When Beijing began reintroducing restrictions on community neighborhoods, China skeptics assumed there was a huge outbreak underway. But the fact that China took aggressive measures for what would seem like a small outbreak in comparison to Western countries just shows China's heightened level of vigilance. The point is to stop an outbreak before it gets out of control.

By contrast, in the U.S., the outbreak is everywhere. The number of cases is increasing in 42 states and territories, and it's hitting new peaks in 21. While China knew the source of the outbreak and isolated it, America has so many outbreaks and such a limited capacity for testing and tracing that they have no way to isolate an outbreak.

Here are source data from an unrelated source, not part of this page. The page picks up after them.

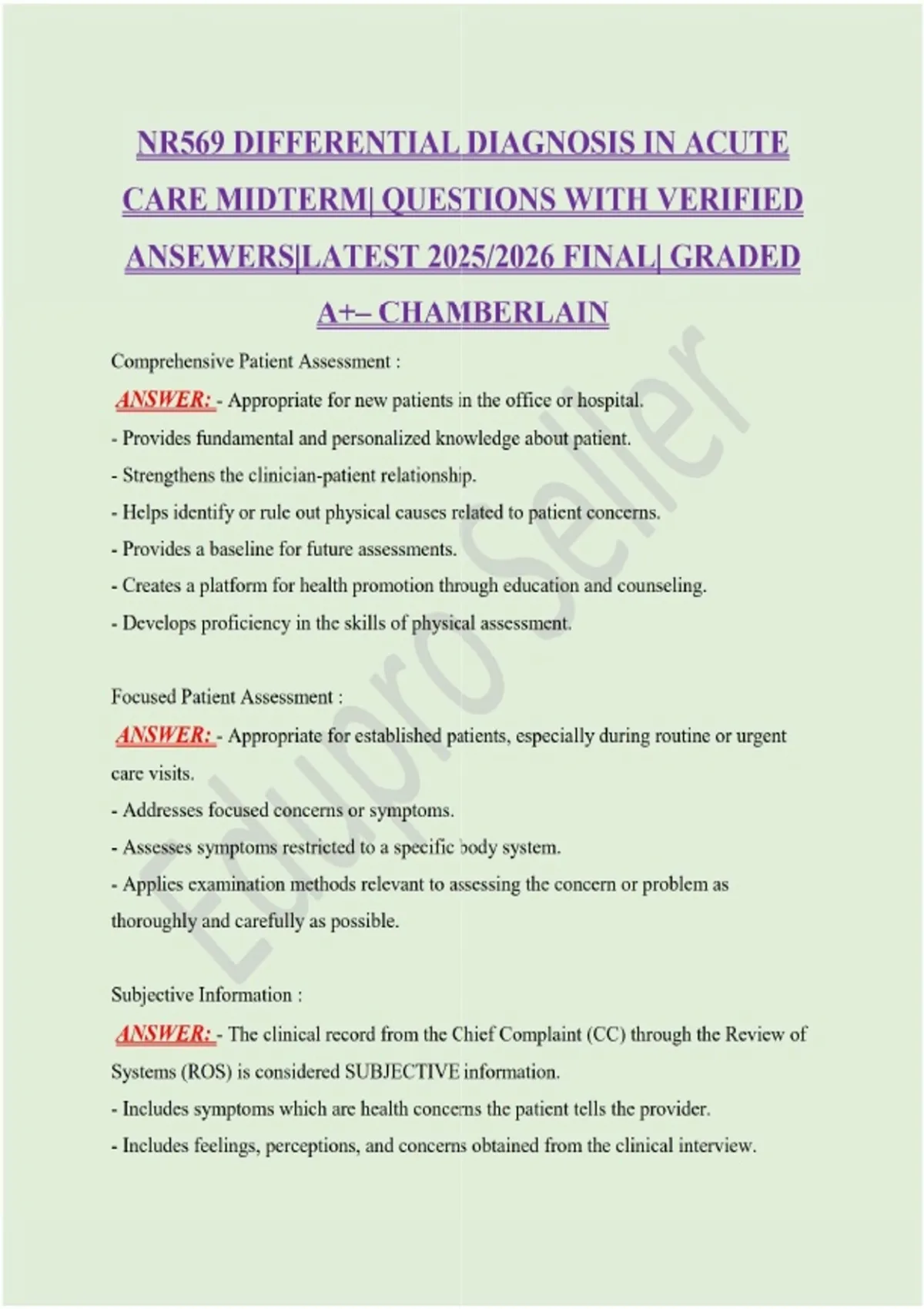 NR569 DIFFERENTIAL DIAGNOSIS IN ACUTE CARE MIDTERM| QUESTIONS WITH VERIFIED ANSEWERS|LATEST 2025/2026 FINAL| GRADED A+– CHAMBERLAIN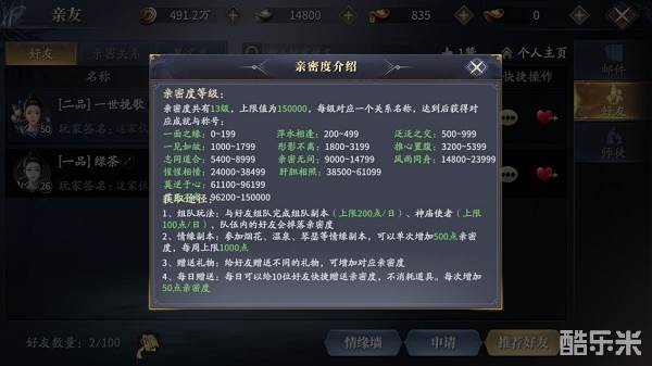 3.其中【蓝颜】和【红颜】只能与异性玩家达成关系,且该关系与【知己】和【至交】关系不互通。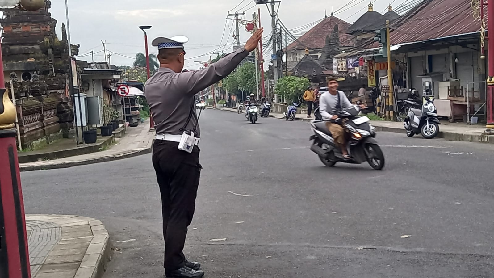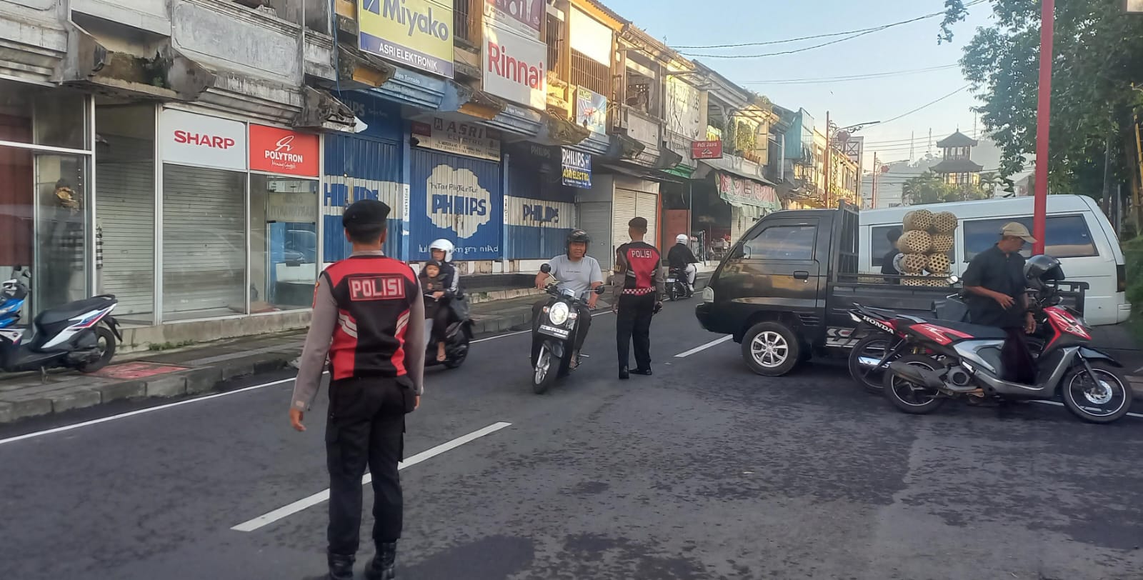 Wujud Pelayanan Kepada Masyarakat di Pagi Hari Personil Polsek Bangli Laksanakan Pengaturan Arus Lalulintas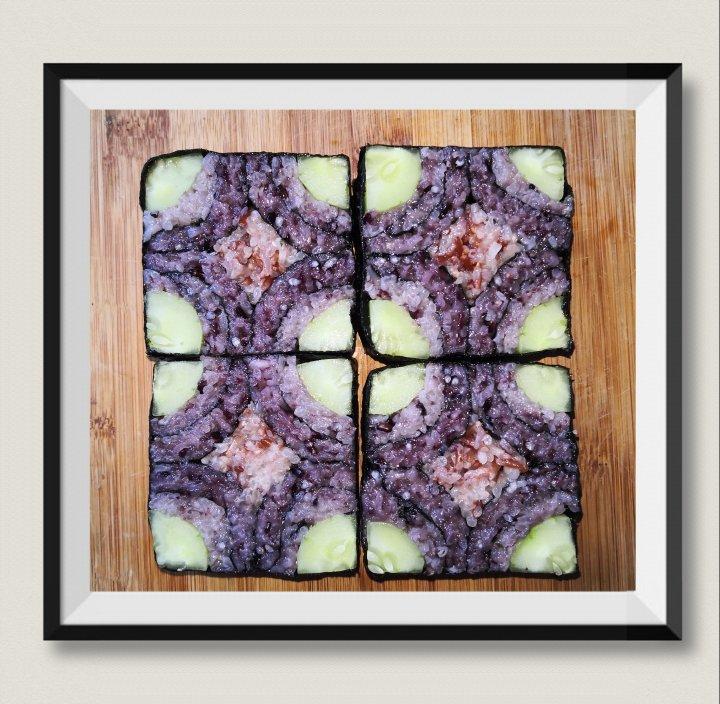 糖蛋宝 做过 2020年03月09日 宽度10公分的海苔,切了四个,每个差不多2公分,很大的一个,快抵上饭团了!个头太大解决方法,首先缩小黄瓜,黄瓜对切后,只取两头,重新组装成黄瓜,再卷米饭,米饭层要薄,颜色对比明显,效果会更好看。 2020-03-09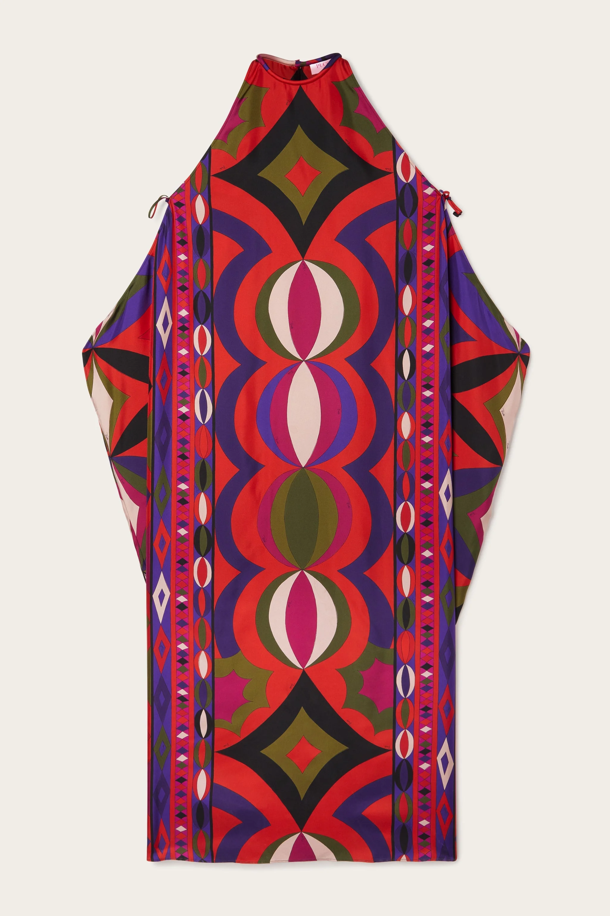 A flowing elegance that evokes bohemian spirits and refined holiday atmospheres: this long kaftan is an ode to lightness and freedom. Featuring open sleeves joined by two thin ties and a simple round neckline, it envelops the body with a loose and delicate fit. The Collane print, with its motifs inspired by tribal ornamentation and African decorative art, adds a lively and sophisticated touch to a timeless silhouette. - To offer you a unique Pucci garment, we use an all-over print that makes the product unrepeatable. Therefore, the pattern print may vary from the one displayed in the photo. - Multicolor - 100% Silk - Loose and soft fit - Round neckline - Open sleeves joined by ties - Maxi length - Dry clean only - Made in Italy - ID: 5URL255U881024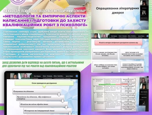Кафедрою психології МДПУ імені Богдана Хмельницького 11 листопада 2025 року було організовано та проведено методичний семінар «Методологія та емпіричні аспекти написання і підготовки до захисту кваліфікаційних робіт з психології».
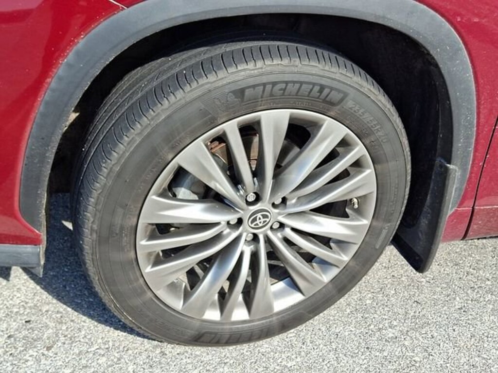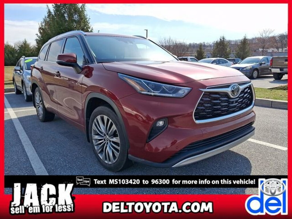 Here is a list of the vehicles features Platinum Package (Digital Rearview Mirror w/HomeLink, High Grade LED Projector Headlights, Panoramic Moonroof, and Panoramic View Monitor), Highlander Platinum, 4D Sport Utility, 3.5L V6 DOHC, 8-Speed Automatic, AWD, Ruby Flare Pearl, Graphite w/Leather Seat Trim, 11 Speakers, 20" Painted Alloy Wheels, 3.003 Axle Ratio, 3rd row seats: split-bench, 4-Wheel Disc Brakes, ABS brakes, Air Conditioning, Alloy wheels, AM/FM radio: SiriusXM, Apple CarPlay/Android Auto, Auto High-beam Headlights, Auto-dimming Rear-View mirror, Automatic temperature control, Brake assist, Bumpers: body-color, Delay-off headlights, Driver door bin, Driver vanity mirror, Dual front impact airbags, Dual front side impact airbags, Electronic Stability Control, Emergency communication system: Safety Connect with 1-year trial, Four wheel independent suspension, Front anti-roll bar, Front Bucket Seats, Front Center Armrest, Front dual zone A/C, Front fog lights, Front reading lights, Fully automatic headlights, Garage door transmitter: HomeLink, Heads-Up Display, Heated door mirrors, Heated front seats, Heated rear seats, Heated steering wheel, Heated/Ventilated Front Bucket Seats, Illuminated entry, Knee airbag, Leather Seat Trim, Leather Shift Knob, Low tire pressure warning, Memory seat, Navigation system: Dynamic Navigation (3-year trial), Occupant sensing airbag, Outside temperature display, Overhead airbag, Overhead console, Panic alarm, Passenger door bin, Passenger vanity mirror, Power door mirrors, Power driver seat, Power Liftgate, Power moonroof, Power passenger seat, Power steering, Power windows, Radio: Premium Audio w/JBL Clari-Fi, Rain sensing wipers, Rear air conditioning, Rear anti-roll bar, Rear reading lights, Rear window defroster, Rear window wiper, Reclining 3rd row seat, Remote keyless entry, Roof rack: rails only, Security system, Speed control, Speed-sensing steering, Split folding rear seat, Spoiler, Steering wheel mounted audio controls, Tachometer, Telescoping steering wheel, Tilt steering wheel, Traction control, Trip computer, Turn signal indicator mirrors, Variably intermittent wipers, and Ventilated front seats TSRP is not the sales price and does not include taxes, tags, title, adjusted market value, dealer installed equipment (if applicable), and $490 dealer documentary fee.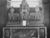 Les colonnes de marbre, les vases de fruits, les volutes et guirlandes de fleurs sont des réemplois d'un baldaquin antérieur, probablement de la seconde moitié du 17e siècle et contemporains des lambris du choeur.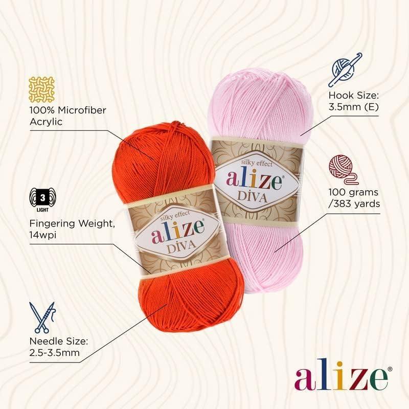 خيط Alize Diva هو خيط ناعم للغاية بملمس حريري مصنوع من ألياف الأكريليك الدقيقة بنسبة 100%، مثالي لصناعة الملابس والإكسسوارات الصيفية الخفيفة والمريحة. يتميز بنعومته العالية ولمعانه الهادئ، بالإضافة إلى مجموعة واسعة من الألوان الزاهية. هذا الخيط التركي مناسب للحياكة والكروشيه، ويُستخدم في صناعة البلوزات، الفساتين، الشالات، وقطع الأطفال. يوفر Alize Diva مزيجًا رائعًا من الأناقة والمتانة والراحة في كل غرزة.

According to the advocacy group Test and Trace, only eight states have enough tracing staff to meet needs. In Florida, where 60,000 staffers are needed for tracing based on the size of their outbreak, there are only 1,600 employed.

Now Americans would look at China's aggressive, but effective approach, and they might say, "That would never work in America." They might selfishly call it an attack on "my liberties" if it were to happen here. Some Americans even believe that being mandated to wear a mask is an assault on their liberties.

But what about the right to live? What about the right to engage in commerce without fear?

Chinese people are already safely returning to live music events, travel and shopping. While some such things are technically open in America, it is still not a good idea to go out.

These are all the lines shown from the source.